Acacia forever
09-01-2017

Publicado por: Ángel Rupérez


Desde que vivo en esta casa, una acacia me ha acompañado pegando sus ramas al ventanal del dormitorio, como si quisiera saludarme día a día. Efectivamente, cuando levantaba la persiana al despertarme, ahí estaba ella en cualquier estación del año, con sus ramas adheridas al ventanal, casi como si estuviera solicitando entrar,  quizás para charlar conmigo.  Cuando la luz del sol sacaba brillo a sus hojas,  me quedaba embelesado mirándola, y mi gratitud se multiplicaba por mil, como si yo fuera en ese instante alguien afortunado al que le acababa de tocar una grandiosa lotería. Miraba y miraba las hojas y no salía de mi asombro, hasta tal punto el asombro no se agota con la repetición de lo mismo, siempre y cuando en lo mismo esté depositada una esencia de la grandeza de la naturaleza, que es capaz de hacer mucho o muchísimo con lo aparentemente poco o escaso, como una sucesión de hojas lamidas por la luz del sol, sacando de ellas una especie de reino de la ensoñación más absoluta, que se lo debe todo a esa presencia que no parece nada y que es absolutamente todo. He dicho ensoñación, y quiero explicarme: quiero decir realidad elevada al cubo, hasta tal punto que parece ella misma un sueño, entendiendo por sueño el colmo de lo mejor que en alguna ocasión concebimos en nuestro espíritu, no para echar la vida a un aparte degradado y sustituirla por el sueño, sino todo lo contrario: para engrandecer la vida con esa concepción, que parece un sueño de pura realidad que es, elevada al cubo de su grandeza. Insisto: no es idealismo, es pura realidad;  no es sueño, es Verdad.

    Pues bien, un buen día, hace poco de esto, empecé a oír en la calle un ruido molesto de sierra y me asomé a la ventana. Un operario, armado de una máquina y encaramado a una canasta que culminaba una escalera desplegada, estaba cortando ramas de la acacia, sin piedad ninguna. Me asusté, me consideré ofendido, y le pregunté al operario, que no me escuchaba porque tenía los cascos puestos, para evitar el ruido.  Le hice gestos, alcé aún más la voz, hasta que me vio, se quitó los cascos, dejó de serrar.

    -¿Qué haces? – le dije, asustado y ofendido.

    -Corto las ramas y el árbol entero porque está enfermo. No tiene solución.

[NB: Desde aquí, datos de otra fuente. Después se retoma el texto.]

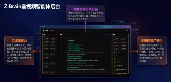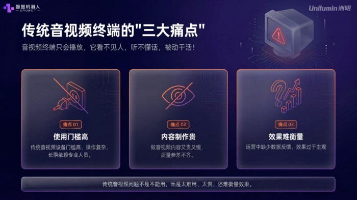 本次展会,洲明全球首发【音视频智能体平台】。传统的音视频终端,屏幕可以播放内容,但它不会感知、不会思考、不会服务,没有场景意识,我们给传统终端植入“智脑(Zbrain)”,赋予屏幕空间感知能力,让屏幕知道自己在哪、周围有谁,它不再是一个冷冰冰的显示屏,而是一个“活”的、能主动提供服务的智显机器人。
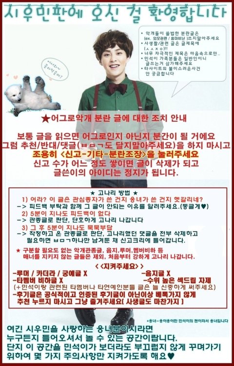 웅녀들도 고나리 할 글에 둥글게 고나리 해주고 고나리 받은 웅녀는 기분 나빠하지말고 시우민을 아끼고 사랑한다면 좋은 마음으로 따라줘~ 부탁해
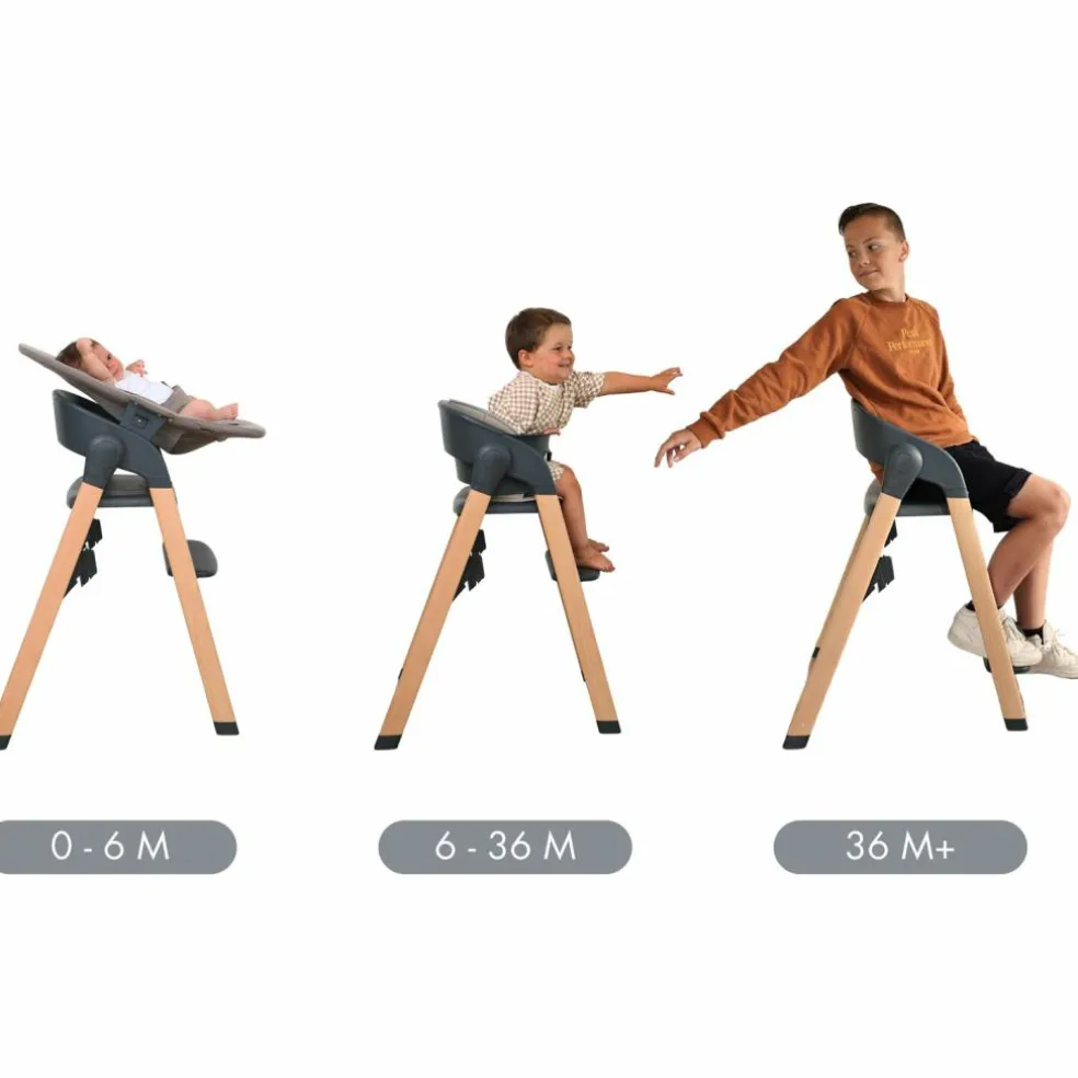 Avec la chaise haute en bois Grow With Me, votre petit est toujours confortablement assis à hauteur des yeux à table. À mesureque votre enfant grandit, vous pouvez facilement ajuster la chaise en retirant le siège pour bébé. Grâce au repose-pieds réglable, la chaise évolue avec lui, du bébé à l’adulte. Votre enfant a toujours une position assise confortable et ergonomique.
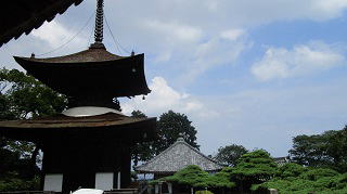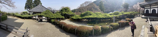 | 石段を登り格調高い立派な本堂(観音堂)の前に出ます。 本堂の右横の石段を登ると『遊龍の松』が迎えてくれます。 『遊龍の松』は樹齢600年、全長37mで龍が泳いでいように広がる一本の松です。本当に一本なのか注意してみましたが一本でした。 |
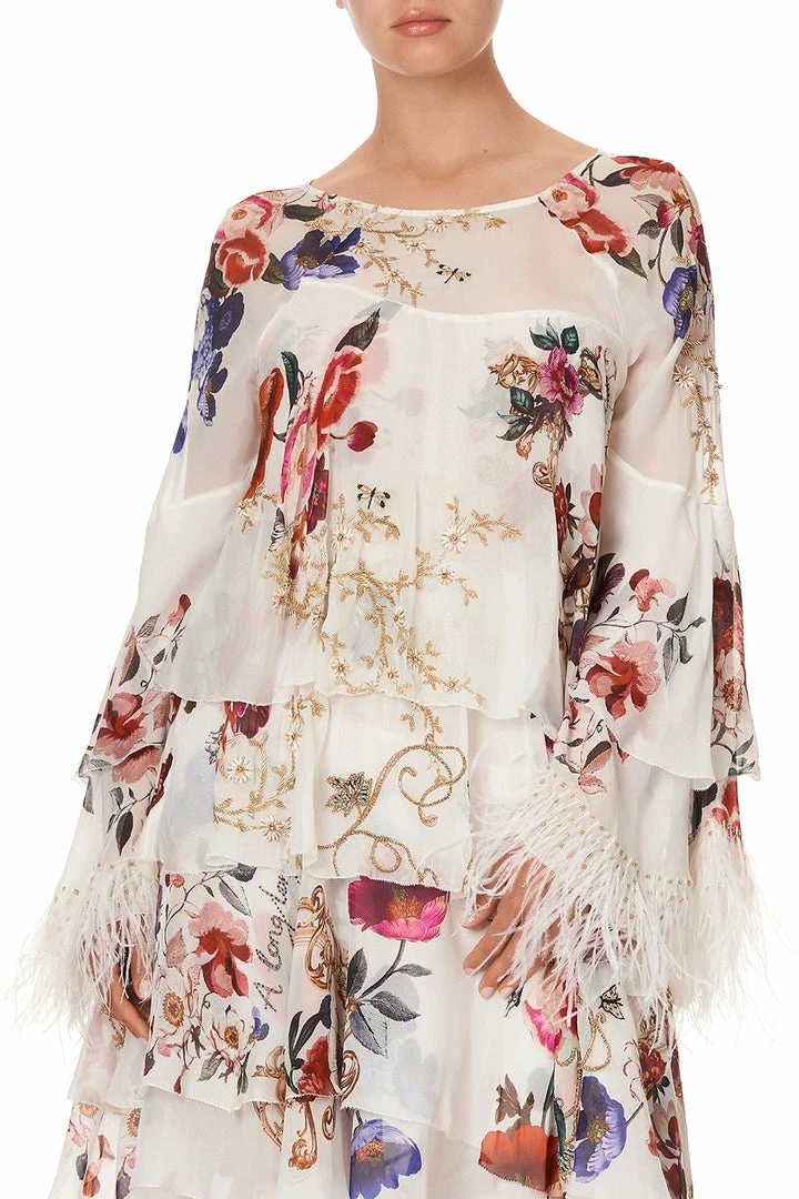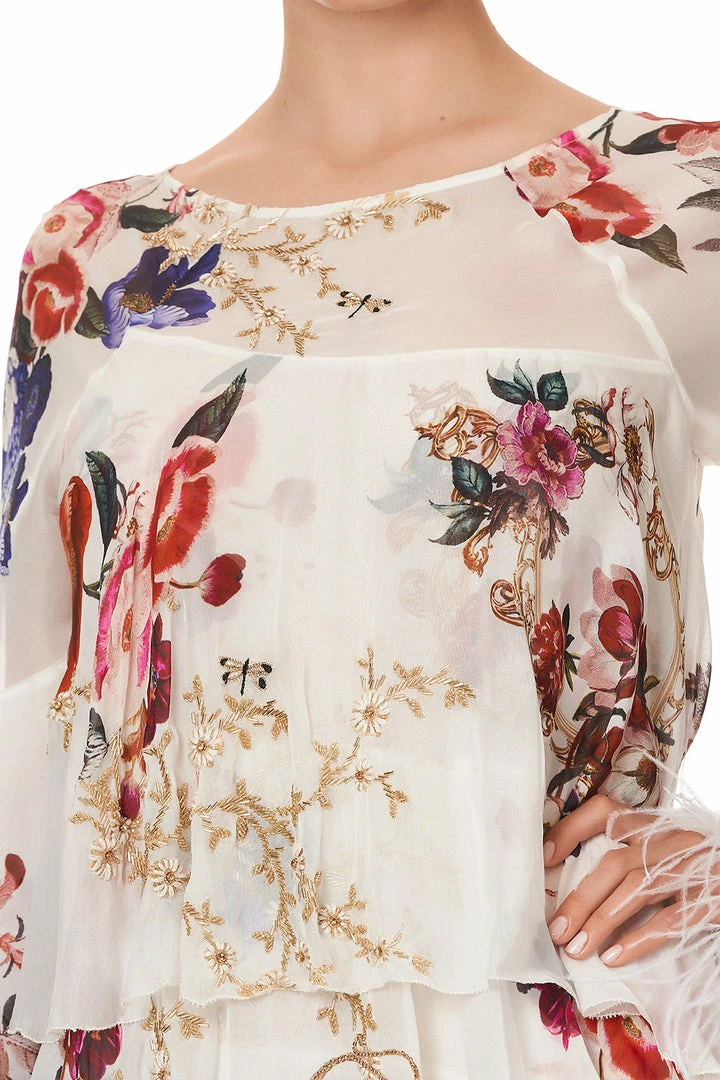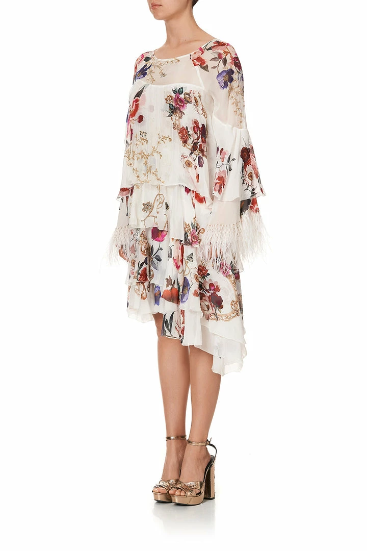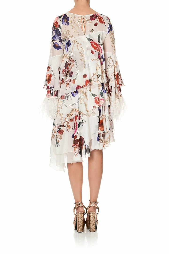 A billowing midi dress for dreamers of magic and wonder, the Fairy Godmother Embellished Flared Layered Dress is heavenly luxe. Crafted with a bespoke CAMILLA print inspired by a bouquet of hand-painted florals blooming against a fanciful cream back drop, this whimsical dress features a flirty flared hem and sleeve, tiered ruffle body, adjustable ties for comfort, ostrich feather trim on sleeves and hand embroidery.Â
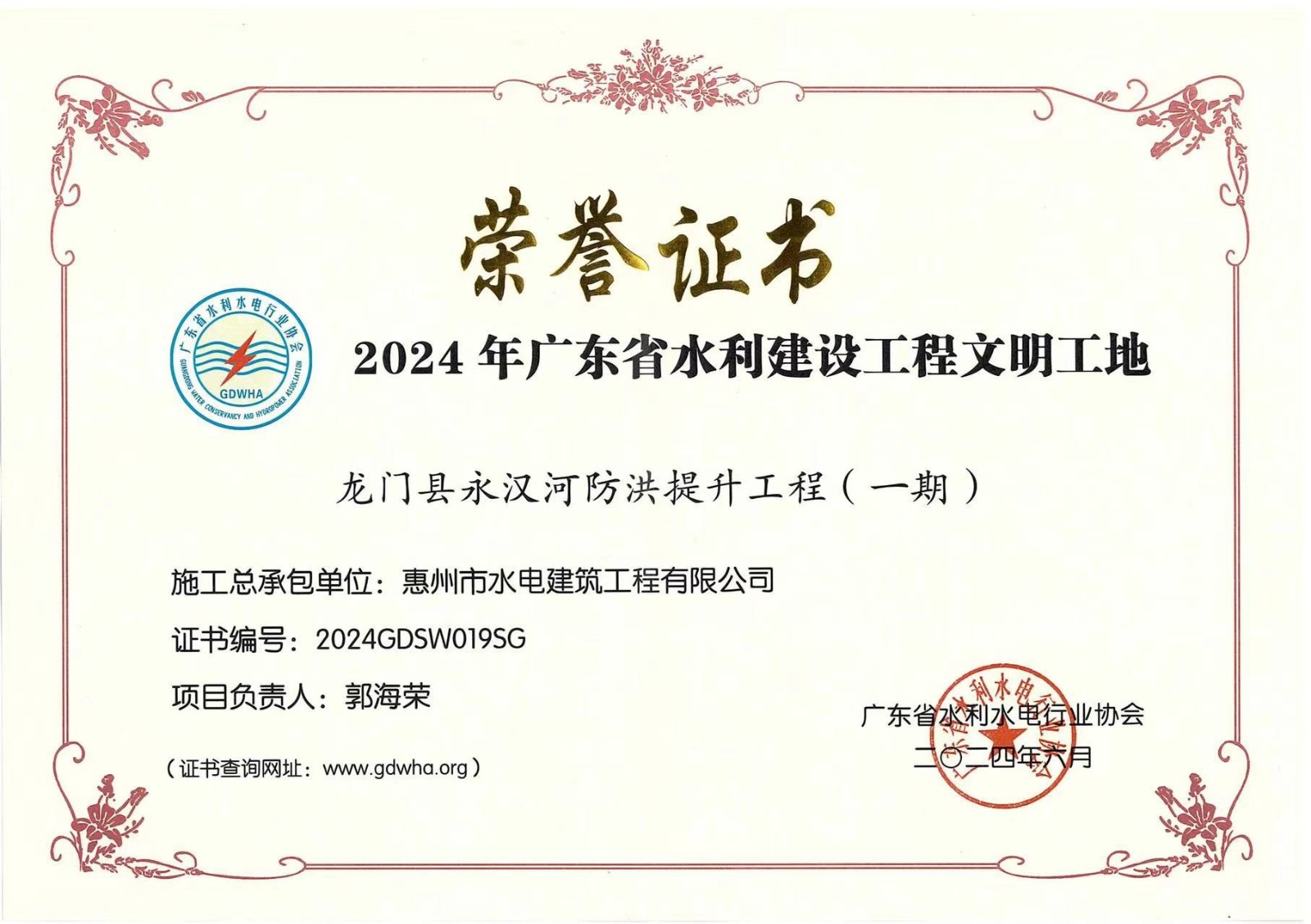惠州市水電建筑工程有限公司成立于一九六四年四月,隸屬惠州市水務(wù)集團(tuán)有限公司,是一家國有綜合性施工企業(yè),主營水利水電工程、房屋建筑、市政工程等施工業(yè)務(wù)。公司擁有水利水電工程施工總承包一級、建筑工程施工總承包一級、市政公用工程施工總承包一級、公路工程施工總承包三級,公路路基、路面及建筑裝修裝飾專業(yè)承包二級,環(huán)保工程、機(jī)電安裝、河湖整治、輸變電工程專業(yè)承包三級等經(jīng)營資質(zhì)……
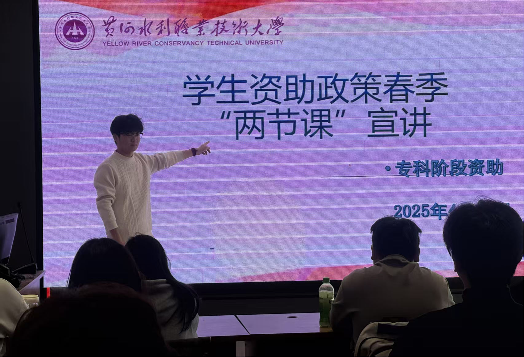 为全面贯彻落实国家教育资助政策,切实提高学生对各类资助措施的知晓度与理解度,同时做好2023届毕业生助学贷款还款指导工作,2025年4月11日,信息工程学院于实训楼4405C教室组织开展了“2025年春季资助两节课”活动。
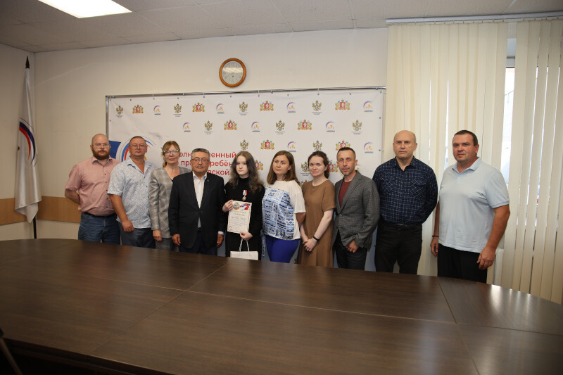 Один из сотрудников Аппарата Уполномоченного, а также человек, стоявший у истоков масштабирования проекта «Мой папа – Герой!» у нас в регионе, Ирина Харламова этим летом ушла на специальную военную операцию в Луганскую Народную Республику помогать раненым бойцам в госпитале. И сегодня детский правозащитник Игорь Мороков от своего лица и от лица Ольги Пакулиной в присутствии специалистов Аппарата Уполномоченного после небольшого напутственного слова вручил ее дочери памятную медаль, грамоту «Моя мама – Герой!» и небольшой подарок, который поможет девушке в ее дальнейшем жизненном пути.
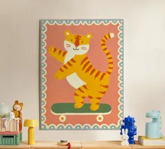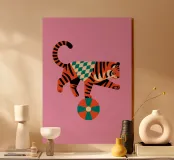 Wild meets balance: a confident tiger wearing a cap balances powerfully on a ball – a motif full of energy, courage and playful strength. This design stands for inner control despite power, for focus despite dynamism and for the courage to go your own way. The tiger symbolises strength and self-confidence, while the balance shows that true strength comes from the centre.

     Fiel a su oficio, se volvió a encasquetar los cascos, puso en marcha de nuevo la sierra y reanudó su labor cortadora, como un auténtico y desaprensivo malhechor.

    No contento con esa respuesta, y muy ofendido por ese operario que no sabía nada de la acacia y de mí, bajé a la calle e interrogué a otros operarios.

   -Está enferma, no tiene remedio. No hay curación posible. No podemos hacer otra cosa.

   Su expresión era más amable que la del aserrador, pero no por ello el impacto de sus palabras fue menos doloroso. Me resigné y acaté la mala nueva. Quise irme y me fui, regresando a casa. No observé el resto de la labor. Solo más tarde noté un vacío inmenso, al ver que a mi ventanal ya no llegaban las ramas desnudas o llenas de hojas de la acacia. Un boquete se había abierto en mi vida. Un luto se abrió paso en mí. No sabía qué hacer. Lo único que se me ocurrió fue dar las gracias a la acacia desaparecida, las infinitas gracias de mi infinito agradecimiento. Eso me calmó.  Desde entonces, cada vez que la echo en falta – y ocurre con mucha frecuencia -, le doy las gracias y vuelve a revivir, y yo revivo con ella. No se me ocurre otra forma mejor de curarme y de curarla a ella de la inmensa herida a la que podemos llamar muerte.